POPE Leo XIV, chosen by fellow cardinals from all over the world in two days of their conclave at the Vatican, is expected to face many issues confronting the nearly 2,000-year-old Catholic Church.
The Chicago-born Robert Prevost, the Catholic Church’s 267th pontiff, faces the formidable task in this international organization plagued by polarization – the Vatican’s financial burdens, disagreements over the place of women and the continuing spiritual abuse scandal, among others.
While his predecessor Francis, who died on April 21 aged 88, instituted steps to tackle clerical sexual abuse, from opening up Vatican archives to lay courts to making it compulsory to report abuse to Church authorities, Vatican observers have said victims’ associations argued he did not do much.

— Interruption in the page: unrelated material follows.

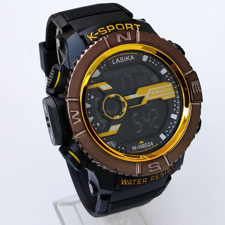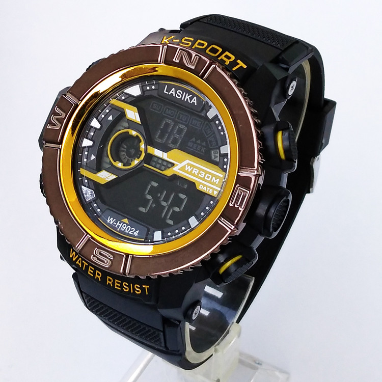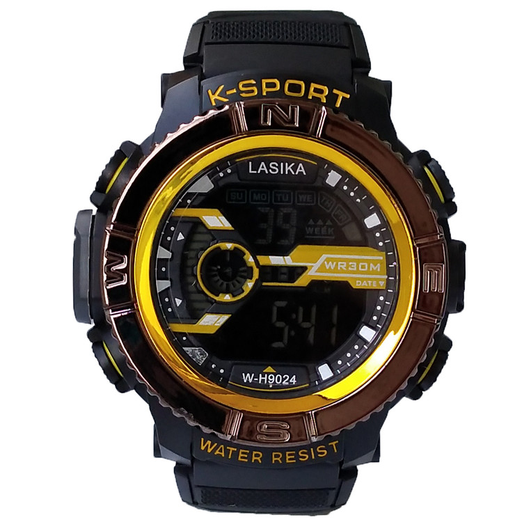 ارسال رایگان ساعت مشکی زرد دیجیتال پسرانه جعبه دار چراغ دار ضدآب SPORT ساعت ارزان کادو شیک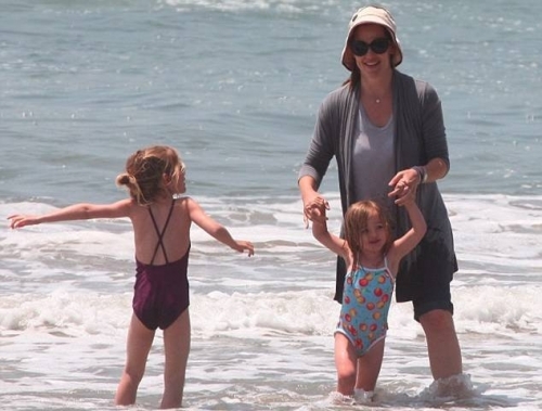 40-летняя Дженнифер с удовольствие играла в прибое со своими дочерьми 3-летней Серафиной и 6-летней Вайолет.

Which makes the issue stinging on the plate of Pope Leo XIV, particularly as the issue does not appear to fade out into oblivion before much too long.
There will be those who look up to the 69-year-old leader of the world’s 1.4 billion Catholics, head of the Vatican state, and listen to his statements and opinions, particularly now that conflicts are like smoke billowing out of Ukraine, Gaza in the Palestinian Territories, Sudan too, Pakistan and India, and other areas of the globe as well as migrants being pushed out of their present borders.
How he will confront these issues is something keenly observed by the faithful as well as world leaders – in other lexis, his comments on the conflicts and immigrants will carry significant weight.
Then there is the issue of climate change, which has bothered the world for much too long, and the emergence of Artificial Intelligence, which experts have said repeatedly in recent years that its ability to analyze volumes of data and make autonomous judgments have raised concerns about the loss of control, by thinking human beings.
Pope Leo XIV’s predecessor took up the “climate crisis” message to “my brothers and sisters of our suffering planet” and pointed out that the responses made by people have not been sufficient, at a time the world is collapsing and is near breaking point.
The new pontiff, if we go by his previous stand on the climate challenge, has made it clear that mankind should have what he called a “relationship of reciprocity” with the environment, even as he warned against “harmful technological developments.”
The new pope will need understanding and support as he gets to grip with his papal tasks.